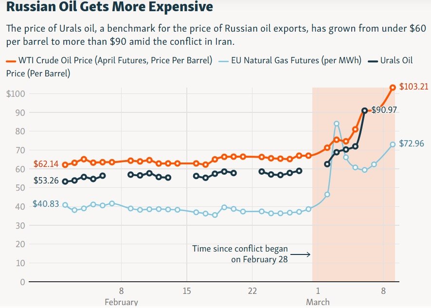 Війна в Ірані затягнулася і кардинально змінила ситуацію на ринку: лише за кілька днів ціна бареля нафти злетіла вище 100 доларів (86 євро). Російська нафта марки «Урал», яка тривалий час продавалася приблизно по 50 доларів, піднялась до рівнів, на які Москва ще кілька тижнів тому і не сподівалася. Кожне підвищення ціни на нафту на 10 доларів додає приблизно 0,7 відсоткового пункту до зростання російської економіки.
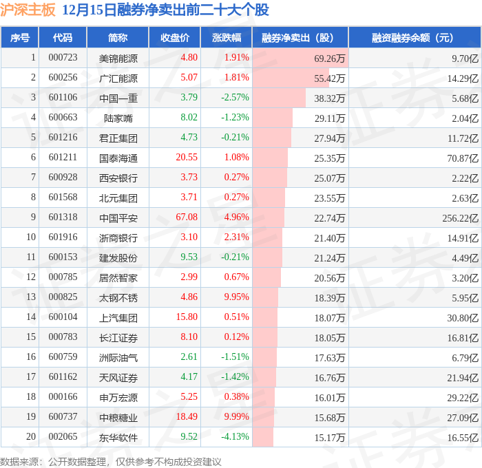 沪深主板融券净卖出前三分别为:美锦能源(000723)融券净卖出69.26万股、广汇能源(600256)融券净卖出55.42万股、中国一重(601106)融券净卖出38.32万股,前20具体见下表:
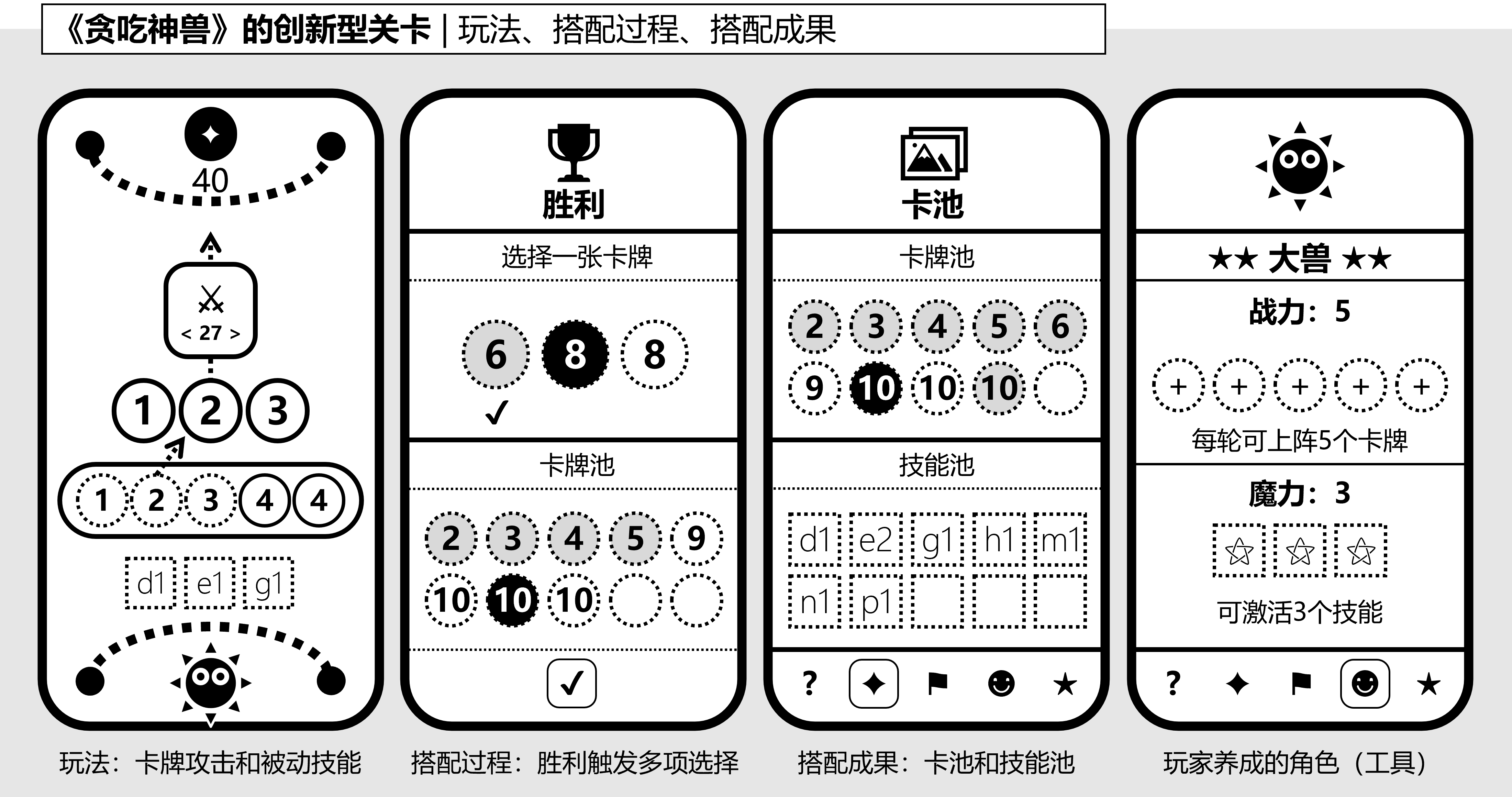 我们这里继续利用《贪吃神兽》这个游戏概念来示范创新式关卡的设计,该游戏概念模仿了《杀戮尖塔》的卡牌玩法,以扑克牌为功能矩阵,卡牌池和技能池的配置养成过程就是玩家的创新过程。
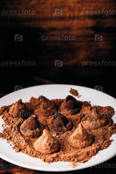 Домашние шоколадные трюфели, покрытые какао-порошком
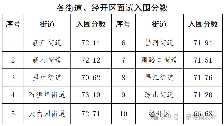 根据各街道(经开区)考生笔试总成绩(含笔试加分)从高分到低分,按招聘计划数1:1.2比例分别确定各街道(经开区)进入面试人员名单(各街道、经开区如遇末位同分情况,一并进入面试)。
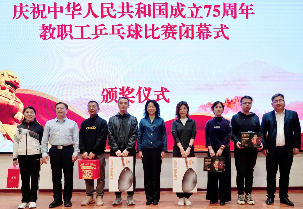 闭幕式上,校党委副书记宋明凯致辞。他向在本次比赛中勤奋拼搏、取得优异成绩的运动员表示祝贺,向辛勤工作的裁判员和工作人员表示诚挚的感谢。他指出,此次乒乓球比赛是一场充满激情与活力的体育盛宴,运动员们用汗水和拼搏诠释了“坚韧不拔、百炼成钢”的辽科精神,用团队和协助展现了体育精神的内涵。本次活动不仅丰富了教职工的业余生活、增进了友谊,更是全体教职工以拼搏进取的姿态,献给伟大祖国75岁生日的一份厚礼,为校园营造了浓厚的节日氛围。他希望全体教职工,弘扬体育精神、树立团队意识,以积极向上、勇于拼搏的运动精神,在学校教育教学审核评估和硕士点申报的关键时期继续奋斗、持续努力,助力学校事业高质量发展。他勉励全体教师要牢记立德树人使命,引导学生加强体育锻炼,锻造青年学生的健康人格,为培养德智体美劳全面发展的社会主义建设者和接班人贡献力量。
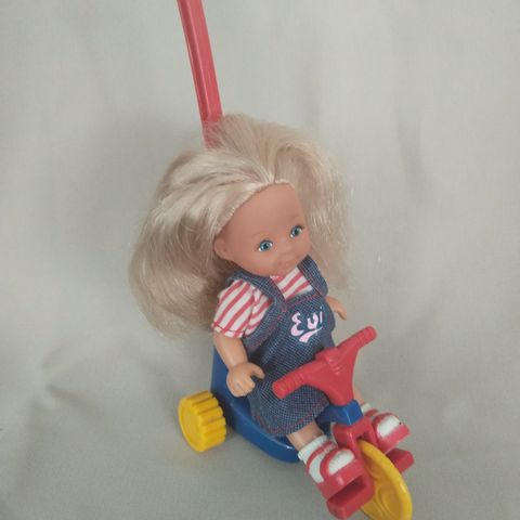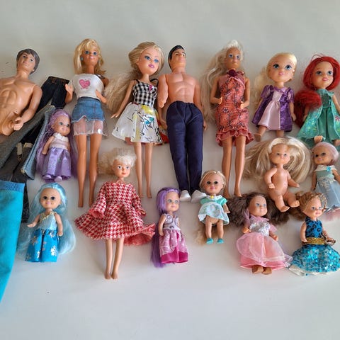 Myydään Evi ja Kelly -nuket. Kelly (vasemmalla) 4 euroa ja Evi (oikealla) 3 euroa. Yhteensä 6 euroa.
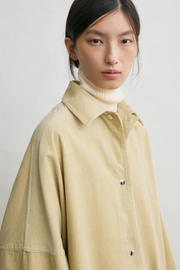 The Cord Overshirt Jacket in Beige from TOTEME channels utilitarian ease with a subtle nod to Americana. Cut from soft washed organic cotton corduroy, this transitional outerwear piece is designed with a roomy, oversized fit, complete with dropped shoulders and wide sleeves for a relaxed, contemporary look. Silver-tone snap buttons and large patch pockets add structure and finish. Style it open over tonal separates for effortless layering.
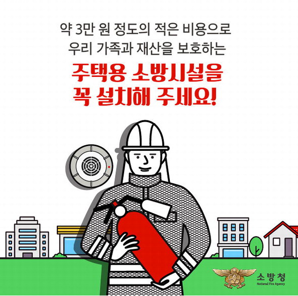 설치 대상은 단독주택(단독·다중·다가구)과 공동주택(연립·다세대)이다. 소화기는 세대·층별 1개 이상 비치해야 하고 단독경보형 감지기는 구획된 실마다 1개 이상 설치해야 한다.
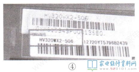 一台LED32B6型机,更换主板后图像异常,如图1所示。拆机检查,新换主板的条码如图2所示,"2A”对应的屏型号是HV320WHB-N81;原主板条码如图3所示,“0A”对应的屏型号是HV320WX2-506。
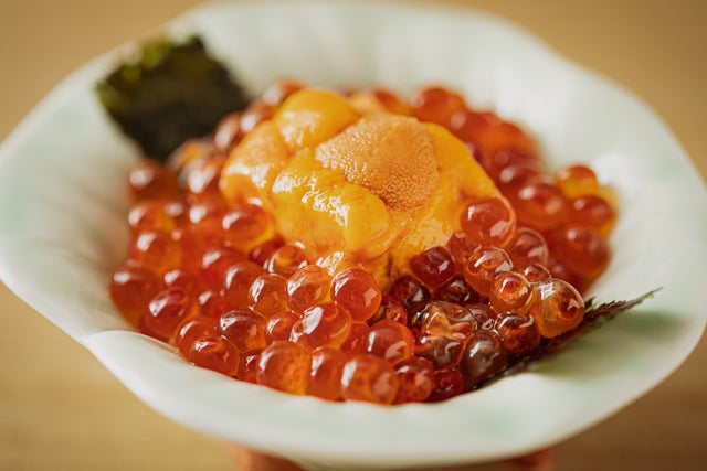 「ウニとイクラの小丼」は、自家製のイクラ醤油漬けの上に、旬のウニを重ねた丼。その時期に最も美味しいウニを選りすぐり、贅沢な逸品に仕立てます。
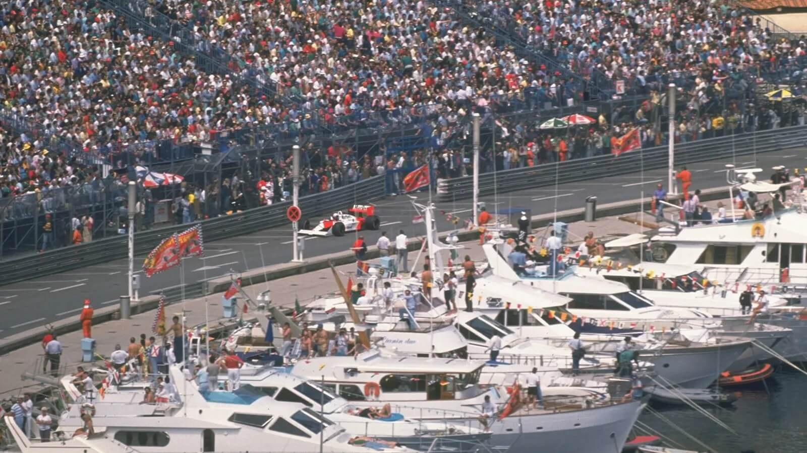 Here we can see that the yachts are clearly starting to take centre stage, with McLaren Honda driver Alain Prost of France racing past them – he finished in first place that year.
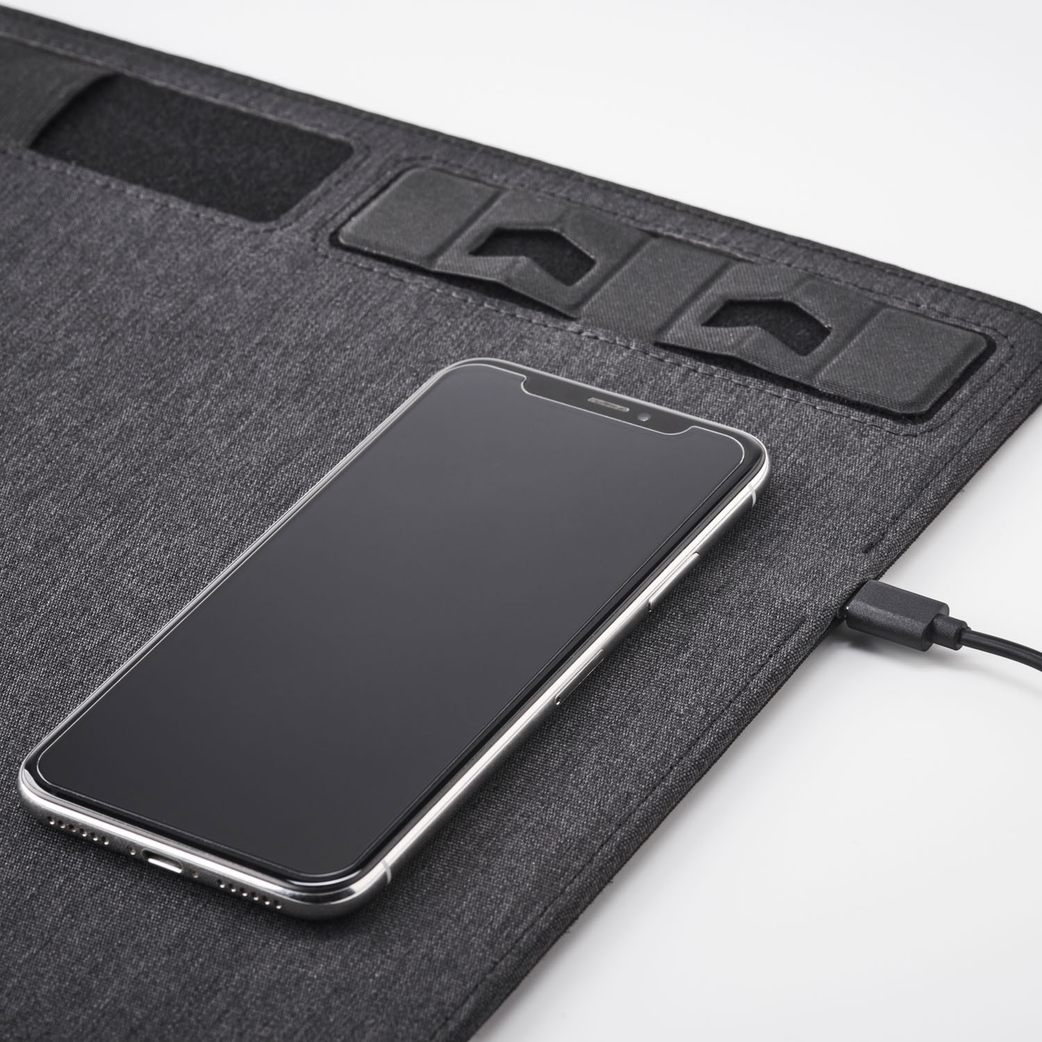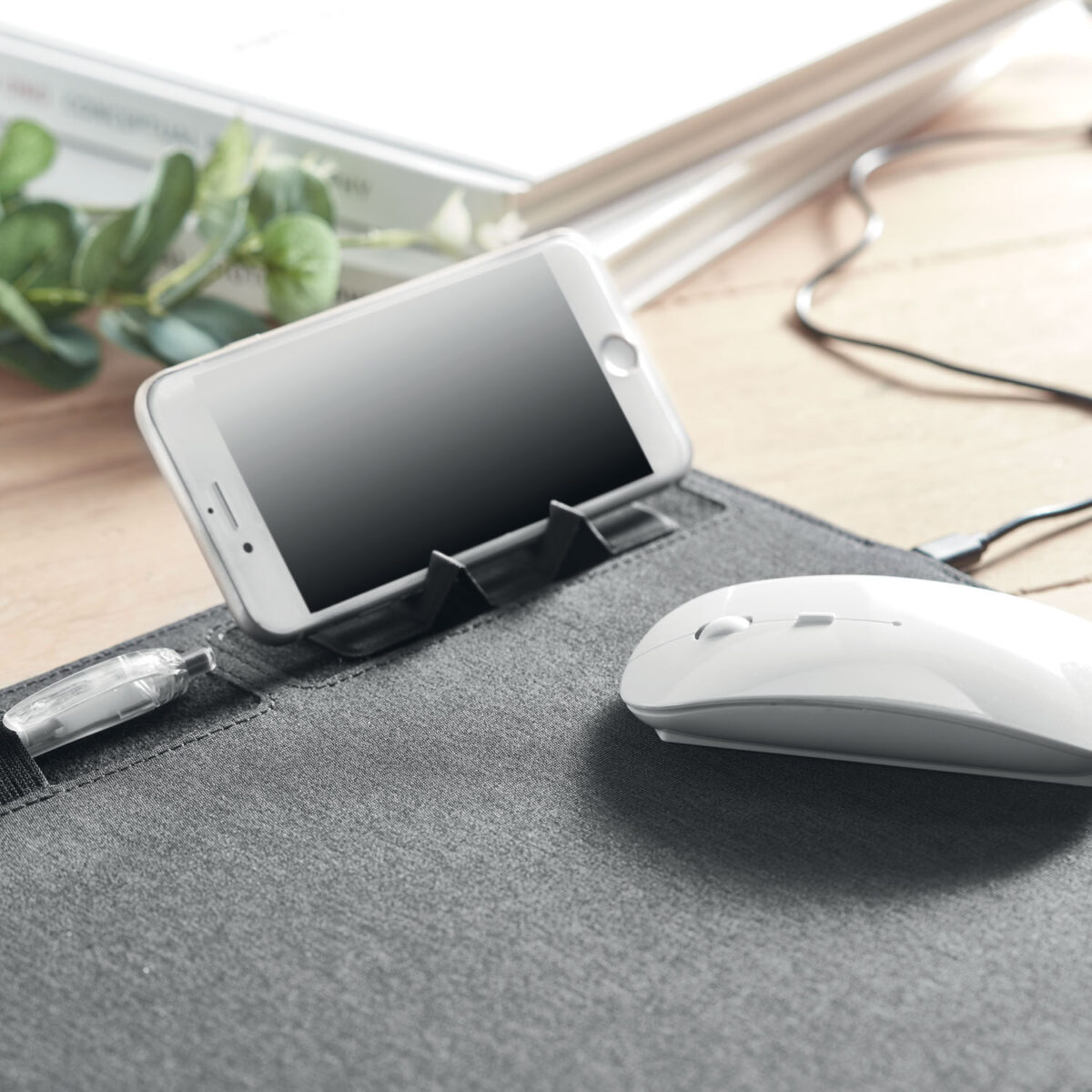 Ce tapis de souris multifonctionnel intègre un chargeur sans fil et un support pour smartphone, pour garder l’écran visible pendant la journée de travail. Il suffit de connecter le tapis à un ordinateur ou à un adaptateur secteur pour alimenter la zone de charge, puis de poser le téléphone compatible sur le tapis pour lancer la recharge par simple contact. Cet accessoire 2-en-1 trouve naturellement sa place dans un environnement de télétravail, un open-space ou un espace d’accueil, et devient un goodie high-tech apprécié et utilisé au quotidien.
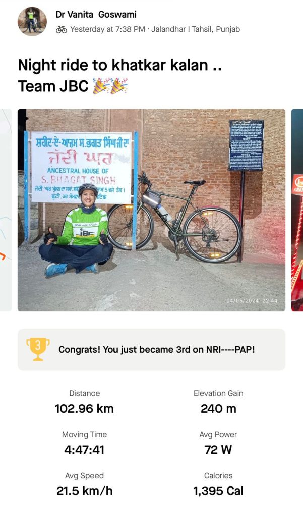 डॉ वनिता जहाँ एक मां और डॉक्टर हैं वहीँ वे एक साइकिलिस्ट भी हैं। इसके बारे में उन्होंने बताया कि जब 2019 में लॉकडाउन आया तो उनकी प्रैक्टिस में कमी आई , अहोस्पितल में जाना कम हो गया, ऐसे में उन्होंने साइकिल को अपन सहारा बनाया और एक साइकिल ग्रुप में शामिल हो गयी। जिसके बाद वे कभी नहीं रुकी। उन्होंने बताया कि सबसे लंबा सफ़र उन्होंने जालंधर से अमृतसर तक का साढ़े चार घंटे में पूरा किया जो 102 किलोमीटर था। रात के इस सफर में उन्होंने कई अनुभव किया। बता दें वे जालंधर की पहली महिला थी जो इतने लंबे सफर में साइकिल से गयी थी।
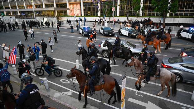 Ova anarhija neće se nastaviti. Nećemo dopustiti da se napadaju savezni agenti, nećemo dopustiti da strani neprijatelji napadnu i osvoje američki grad. Ono što vidite u Kaliforniji je napad na mir, javni red i nacionalni suverenitet, predvođen izgrednicima koji nose strane zastave i namjeravaju potaknuti stranu invaziju na našu zemlju, oštro je poručio američki predsjednik Donald Trump u obraćanju u vojnoj bazi Fort Bragg u Sjevernoj Karolini referirajući se na nerede u Los Angelesu koji su buknuli prošli petak potaknuti brojim imigracijskim racijama.
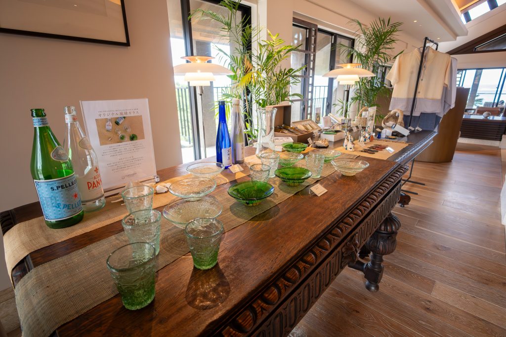 The Reception Lounge faces the water, and its terrace earns the reputation as one of the most photogenic spots because it’s uncluttered and correctly oriented. The first sensory note is olfactory: an original essential oil scent based on geraniums and other flowers grown in Ginoza Village. It’s subtle, and it matters. It makes the entry feel local without turning the whole place into a theme park of “Okinawa.”
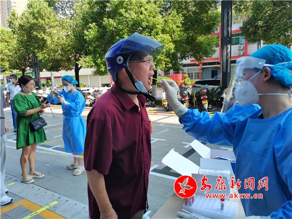 按照全市新冠肺炎疫情防控指揮部的周密部署,8月18日下午,漢濱中心城區(qū)啟動第二次全員核酸檢測工作 。圖為安火路社區(qū)居民在執(zhí)勤民警、醫(yī)務(wù)人員、社區(qū)工作者和志愿者的密切配合下,有序開展核酸檢測。(陳榮斌 攝) 4ga安康新聞網(wǎng)
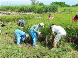 昨參與割稻體驗的學生有大學生及國中小學童,由於天氣炎熱,大家一下田就汗流浹背,卻還開心地互相PK,看誰割稻的手腳比較快。許多家長見狀也下場幫忙,但才一會兒功夫,大家就喊累。
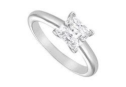 The unification of two into one is symbolized in this diamond solitaire ring. A princess-cut diamond is securely held in a 4-prong setting. Made in 14K white gold this diamond solitaire ring has a total diamond weight (TDW) of 1.75 ct.
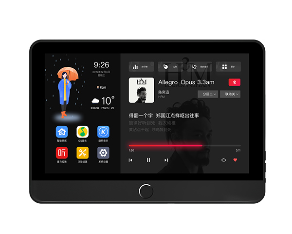 一台裝在牆上(shàng)集控制(zhì)、查詢、音(yīn)樂(yuè)播放(fàng)于一身的(de)“pad”
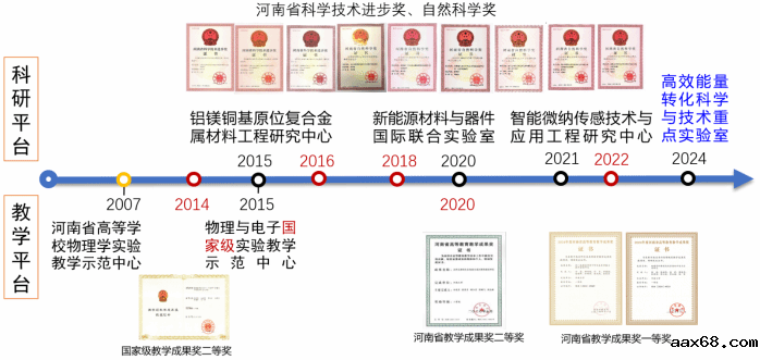 近年来,物理与电子学院科研能力迅速提升,科研成果丰硕。5年间获批国家自然科学基金项目、省部级项目130余项,承担横向课题100余项,累计到账科研经费共计5000余万元。发表高水平论文600余篇,其中在《Nature Photinics》《Nature Communications》《Physical Review Letters》《PNAS》顶级期刊50余篇。授权国家发明专利114项。获得省部级以上科研奖励10项,其中二等奖2项。获批西部地区人才培养特别项目、地方合作项目地方创新子项目,获河南省高等学校学科创新引智基地1个、河南省杰出外籍科学家工作室3个、河南省外国高端专家引进项目2项。

====================

▸ WORK REQUEST:
Each line from the top of the records through the one containing "沪深主板融券净卖出前三分别为" needs to be transcribed exactly, without pictures.

▸ PROBLEM SOLUTION:
 Війна в Ірані затягнулася і кардинально змінила ситуацію на ринку: лише за кілька днів ціна бареля нафти злетіла вище 100 доларів (86 євро). Російська нафта марки «Урал», яка тривалий час продавалася приблизно по 50 доларів, піднялась до рівнів, на які Москва ще кілька тижнів тому і не сподівалася. Кожне підвищення ціни на нафту на 10 доларів додає приблизно 0,7 відсоткового пункту до зростання російської економіки.
 沪深主板融券净卖出前三分别为:美锦能源(000723)融券净卖出69.26万股、广汇能源(600256)融券净卖出55.42万股、中国一重(601106)融券净卖出38.32万股,前20具体见下表:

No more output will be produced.